As for Mrs. Dashwood senior, in the same book, in her belief in the charming but double-faced Willoughby, she is, if possible, one degree more credulous than her most foolish daughter. Lady Bertram of Mansfield Park is kind enough to her niece in her own way, but “she did not go into public with her daughters. She was too indolent even to accept a mother’s gratification in witnessing their success and enjoyment at the expense of any personal trouble.” “Lady Bertram did not at all like to have her husband leave her; but she was not disturbed by any alarm for his safety or solicitude for his comfort, being one of those persons who think nothing can be dangerous or difficult or fatiguing to anyone but themselves.”

Mrs. Musgrove senior, in Persuasion, is nothing but a soft-hearted fool, and “Captain Wentworth should be allowed some credit for the self-command with which he attended to her large fat sighings over the destiny of a son whom, alive, nobody had cared for.”

The middle-aged women without daughters, such as Lady Russell and Mrs. Croft, in the same book, are allowed to be sensible, but a mother with grown-up daughters seems always to be mercilessly delineated by Jane.

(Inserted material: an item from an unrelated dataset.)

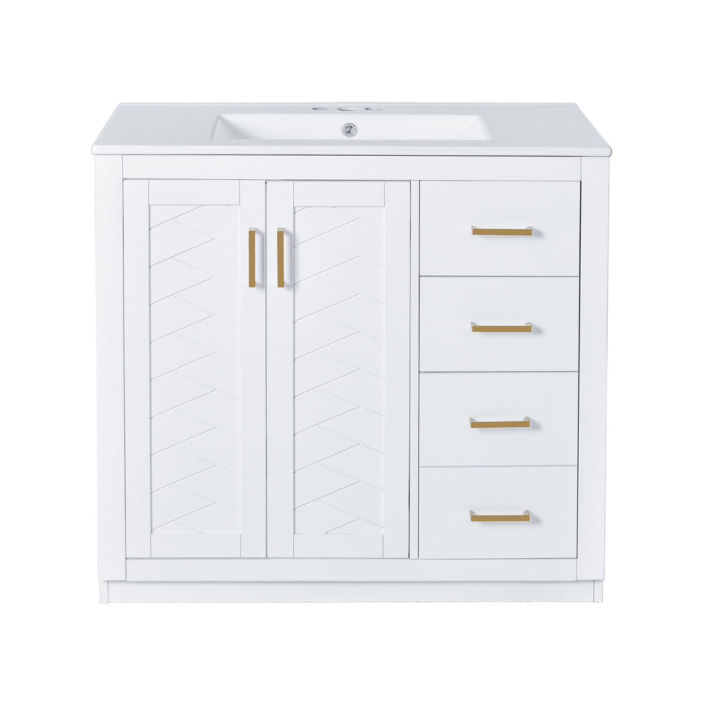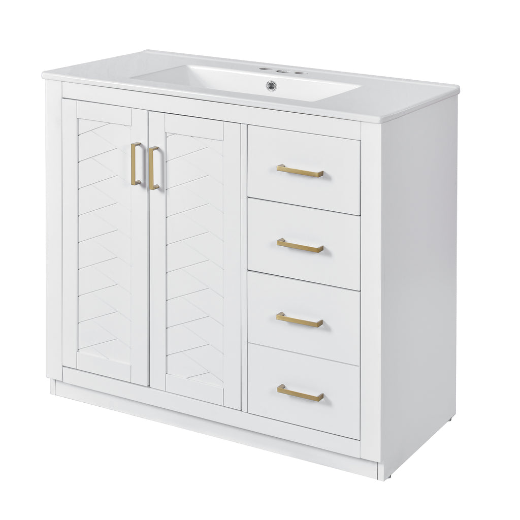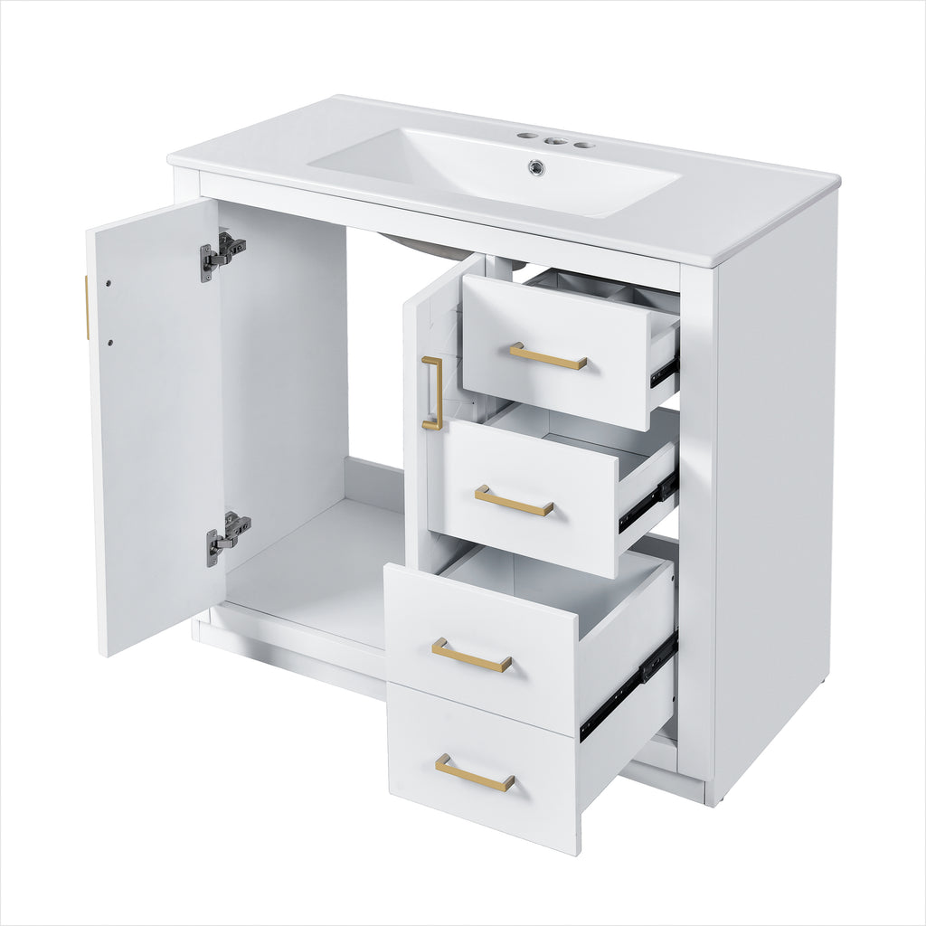 36'' Bathroom Vanity with Ceramic Sink Combo,Solid Wood Frame Bathroom Storage Cabinet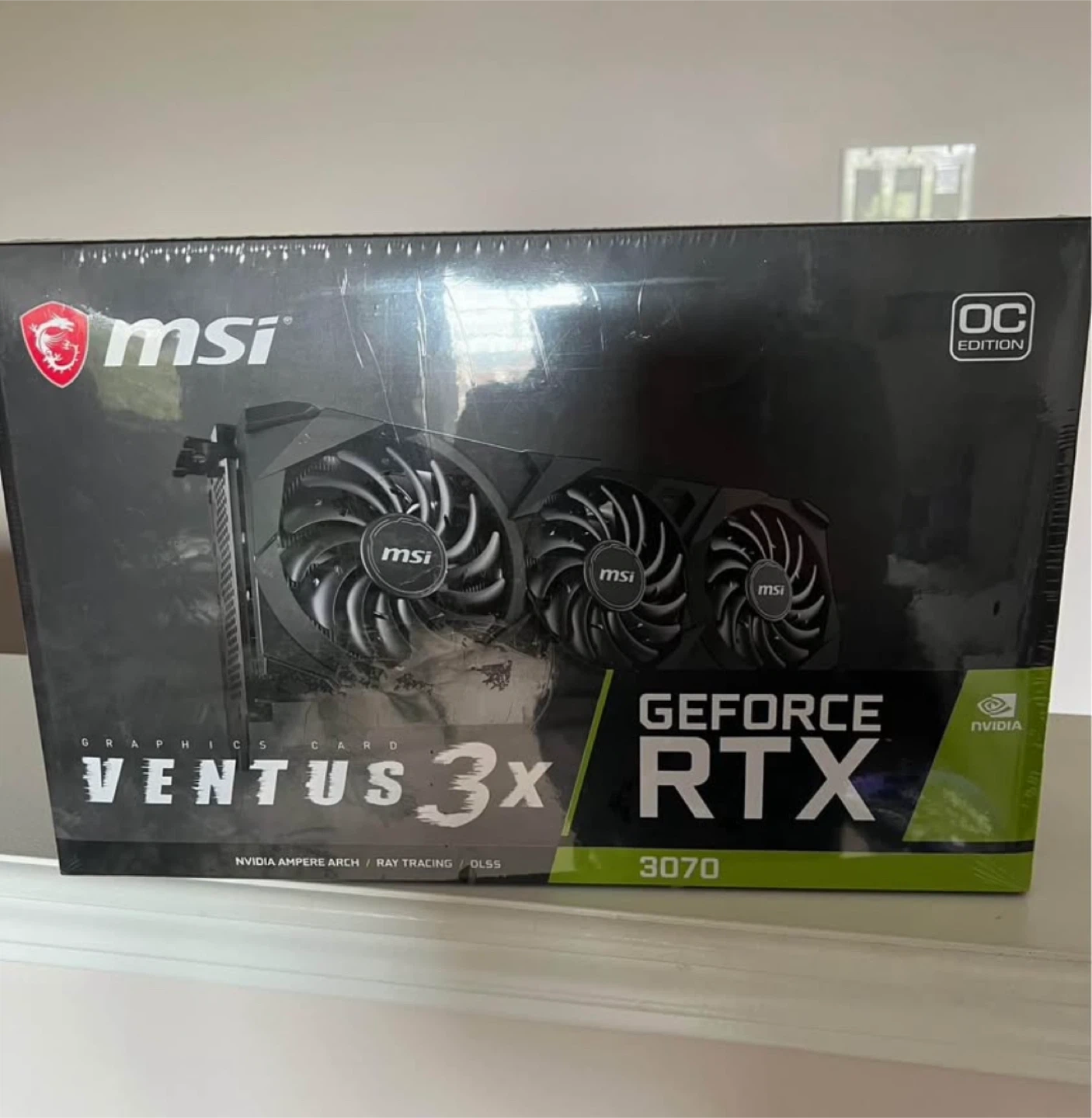MSI GeForce RTX 3070 Ventus 3X OC graphics card. It's an OC Edition with NVIDIA Ampere Arch, Ray Tracing, and DLSS. This card is great for gaming and creative workloads!

Of Mr. Austen not much is known; he was a quiet, reserved man, noted for his good looks, and clever enough to educate his sons for the University himself. In his younger days he took pupils, and it was one of these pupils who in after years became so much attached to Cassandra that he entered into the engagement with her which terminated so sadly. Mr. Austen probably kept a restraining hand over his large household, and was responsible for the sensible and kindly upbringing which his daughters received; he seems to have placed no restraint whatever on their pleasures as they grew up. It may be noted that the husbands of all the foolish women in Jane’s books noted above are sensible, self-restrained, capable men.

As for the surroundings and small details of the home where Jane remained with her sister and parents when the brothers went out into the world, it is very difficult to give an adequate picture. There was a great simplicity, and an absence of many things which are now turned out in profusion by machinery but were then not known. We have all of us been in old houses of the simpler kind, and noted the severity of uncorniced walls, the smallness of the inconvenient sash-windows, the plainness of the whole aspect. To the furniture, also, the same remarks would apply, there would be fewer things and of a more solid kind. “Perhaps we should be most struck with the total absence of those elegant little articles which now embellish and encumber our drawing-room tables. We should miss the sliding bookcases, and picture stands, the letter weighing machines and envelope cases, the periodicals and illustrated newspapers—above all, the countless swarm of photograph books which now threaten to swallow up all space.” (Mr. Austen-Leigh in the Memoir.)

By the following quotation from Jane herself before the removal to Bath, what a vision is instantly conjured up of the yellow speckled prints in cheap, varnished frames, the crude colours and stereotyped subjects of those old pictures which still occasionally remain in the spare rooms of country houses—

“As to our pictures, the battle piece, Mr. Nibbs, Sir William East, and all the old heterogeneous miscellany, manuscript, scriptural pieces dispersed over the house are to be given to James. Your own drawings will not cease to be your own, and the two paintings on tin will be at your disposal. My mother says that the French agricultural prints in the best bedroom were given by Edward to his two sisters.”

In regard to minor matters of domestic comfort, lucifer matches were not in general use until 1834, though the fact that they were anticipated by some genius in advance of his time is evidenced by this advertisement in the Morning Post of 1788—

“For Travellers, Mariners, etc., Promethean Fire and Phosphorus.

“G. Watts respectfully acquaints the public that he has prepared a large variety of machines of a portable and durable kind, with Promethean fire, paper and match enclosed, most admirably calculated to prevent those disagreeable sensations which most frequently arise in the dreary hour of midnight, from sudden alarm, thieves, fire, or sickness.”